Would you return exactly the lines below from the line with "Type | Sensor |" through the line with "1989A short stem", both included, and nothing else, leaving out the pictures?

━━━━━ Dataset excerpts ━━━━━

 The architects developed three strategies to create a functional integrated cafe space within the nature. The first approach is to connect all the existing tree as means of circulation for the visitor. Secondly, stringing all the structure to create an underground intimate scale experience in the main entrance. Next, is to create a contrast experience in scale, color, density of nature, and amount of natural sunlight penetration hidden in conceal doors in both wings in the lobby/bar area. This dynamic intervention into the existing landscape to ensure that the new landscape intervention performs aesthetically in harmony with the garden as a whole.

━━━━━
━━━━━ Dataset excerpts ━━━━━

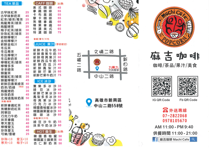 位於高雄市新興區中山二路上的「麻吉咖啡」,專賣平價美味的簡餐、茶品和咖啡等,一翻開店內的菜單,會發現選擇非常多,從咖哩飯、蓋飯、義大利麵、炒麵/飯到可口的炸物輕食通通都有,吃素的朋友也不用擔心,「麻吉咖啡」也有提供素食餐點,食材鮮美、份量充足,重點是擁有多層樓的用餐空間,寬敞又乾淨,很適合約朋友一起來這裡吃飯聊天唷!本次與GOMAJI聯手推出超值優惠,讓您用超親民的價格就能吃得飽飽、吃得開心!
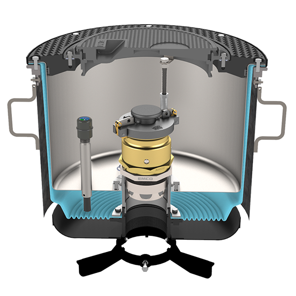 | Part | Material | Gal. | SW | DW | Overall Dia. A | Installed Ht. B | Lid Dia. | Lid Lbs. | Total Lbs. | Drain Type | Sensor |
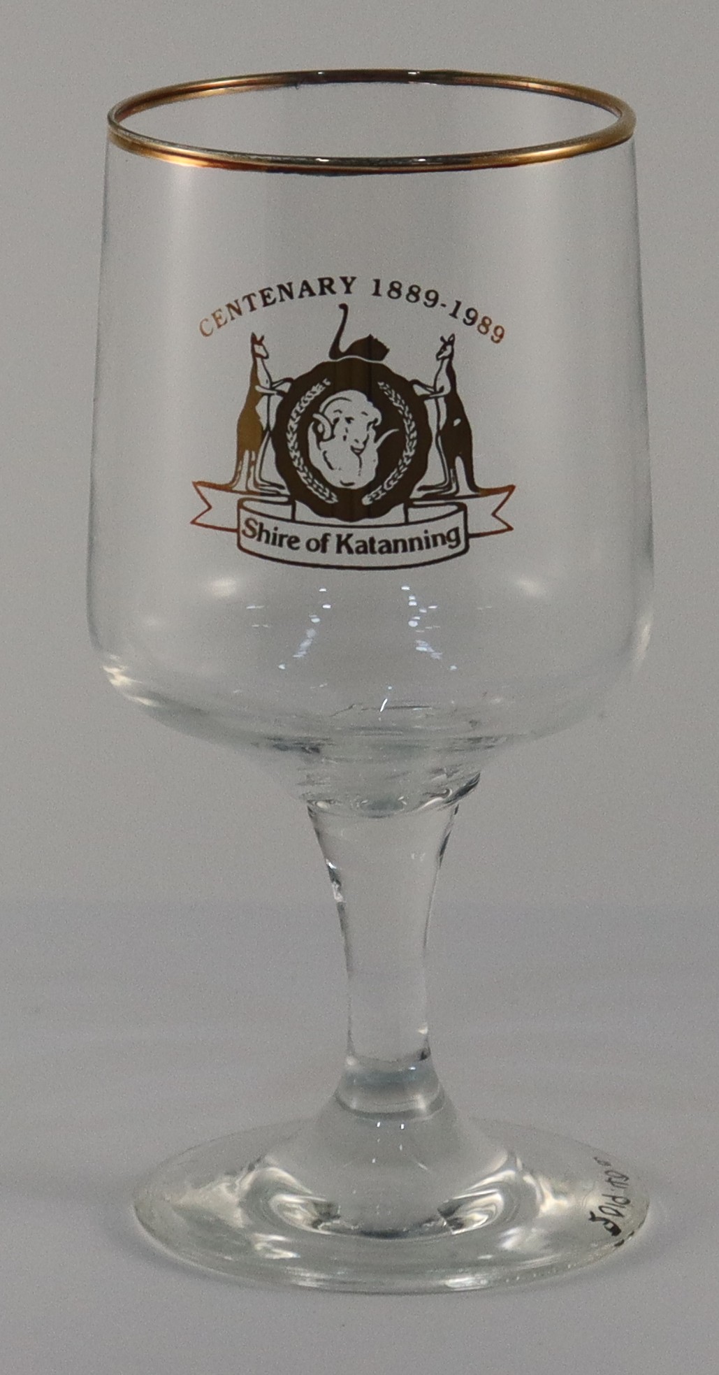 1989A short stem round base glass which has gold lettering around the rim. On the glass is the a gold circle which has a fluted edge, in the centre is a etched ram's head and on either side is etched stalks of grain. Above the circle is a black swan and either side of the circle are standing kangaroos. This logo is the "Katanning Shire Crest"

━━━━━

→ Answer for this exercise:
 | Part | Material | Gal. | SW | DW | Overall Dia. A | Installed Ht. B | Lid Dia. | Lid Lbs. | Total Lbs. | Drain Type | Sensor |
 1989A short stem round base glass which has gold lettering around the rim. On the glass is the a gold circle which has a fluted edge, in the centre is a etched ram's head and on either side is etched stalks of grain. Above the circle is a black swan and either side of the circle are standing kangaroos. This logo is the "Katanning Shire Crest"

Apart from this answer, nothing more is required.